By Greenhill.
SON of Sir John Cooper of Rockbourne, county Hants, by Anne, daughter and sole heir of Sir Anthony Ashley, Bart., of Wimborne St. Giles, county Dorset, where the future Chancellor was born.
In his Autobiography he describes his mother of ‘low stature,’ as was also the aforesaid Sir Anthony, ‘a large mind, but his person of the lowest,’ while his own father was ‘lovely and graceful in mind and person, neither too high nor too low,’ therefore the pigmy body of which Dryden speaks must have been inherited from the maternal side.
Sir Anthony was delighted with his grandson; and although at the time of the infant’s birth the septuagenarian was on the point of espousing a young wife, his affection was in nowise diminished for his daughter, or her boy.
Lady Cooper and her father died within six months of each other. Sir John married again, a daughter of Sir Charles Morrison, of Cassiobury, county Herts, by whom he had several children. He died in 1631, leaving the little Anthony bereft of both parents, with large but much-encumbered estates, and lawsuits pending.
Many of his own relations being most inimical to his interests, Anthony went with his brother and sister to reside with Sir Daniel Norton, one of his trustees, who—we once more quote the Autobiography—‘took me to London, thinking my presence might work some compassion on those who ought to have been my friends.’

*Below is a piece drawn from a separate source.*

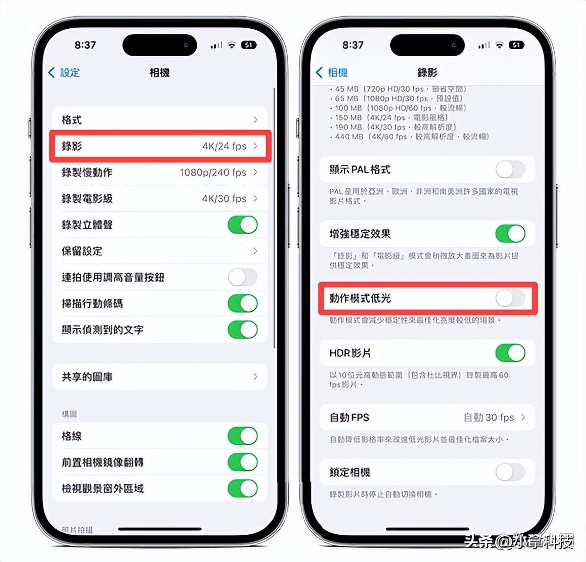 开启方法:打开iPhone「设置」—「相机」—「录影」—开启「动作模式低光」即可。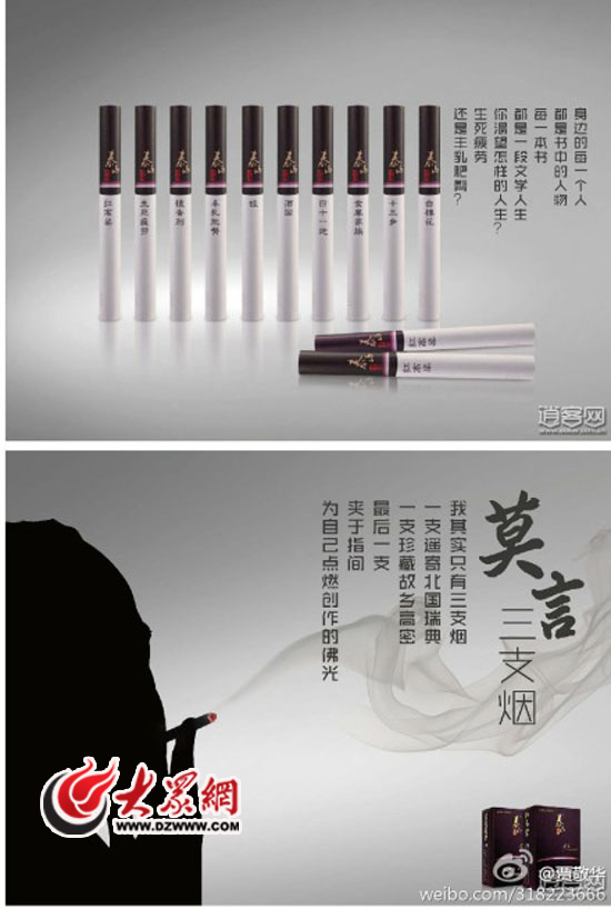 近日,一則莫言將為山東煙草品牌“泰山佛光”代言的傳言引發(fā)網(wǎng)友熱議。有網(wǎng)友爆料稱(chēng),即將推出“莫言限量版”香煙,每支煙均以《紅高粱》、《檀香刑》、《生死疲勞》等10部莫言小說(shuō)命名,并采用了極為奢華的紫檀木包裝,限量銷(xiāo)售100套,每套售價(jià)20120元。

He refers to the suit in which they were now engaged. The boy must have had a winning way with him (as the old saying goes), for, when only thirteen, he went of his own accord to Noy, the Solicitor-General, and entreated his assistance as the friend of his grandfather. Noy was deeply touched, took up the case warmly, and gained one suit in the Court of Wards, stoutly refusing to take any fee whatever.
After Sir Daniel Norton’s death, Anthony went to live with an uncle, Mr. Tooker, near Salisbury, though it was supposed Lady Norton would gladly have kept him under her roof, with a view to a match with one of her daughters. He says himself: ‘Had it not been for the state of my litigious fortune, the young lady’s sweet disposition had made me look no farther for a wife.’

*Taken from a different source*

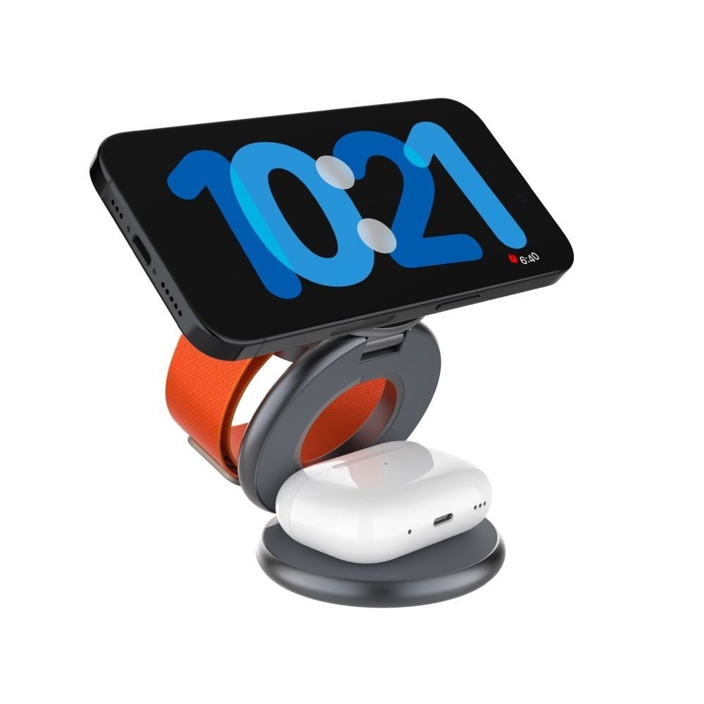 Erillinen alue huolehtii langattomista kuulokkeistasi, kun taas sisäänrakennettu flip-up-moduuli on omistettu Apple Watchille. Kuori on muotoiltu kestävästä metalliseoksesta, ja latauspintojen silikonielementit varmistavat, että laitteesi pysyvät naarmuttomina latauksen aikana. Säädettävien nivelten avulla asetat helposti haluamasi jalustakulman, joka pysyy tukevasti paikallaan. Kun taitat laturin kokoon, saat matkaystävällisen koon (73 x 73 x 26 mm) — ja yläpinta toimii edelleen latausalustana myös taitettuna.

In 1637 he went to Exeter College, Oxford, where he ‘made such rapid strides in learning as to be accounted the most prodigious youth in the whole University.’ By his own showing, he was popular with his companions and well satisfied with himself,—indeed, a general spirit of self-complacency pervades these pages. In little more than a year he went to Lincoln’s Inn, where he appears to have found the theatres, fencing galleries, and the like, more to his taste than the study of the law.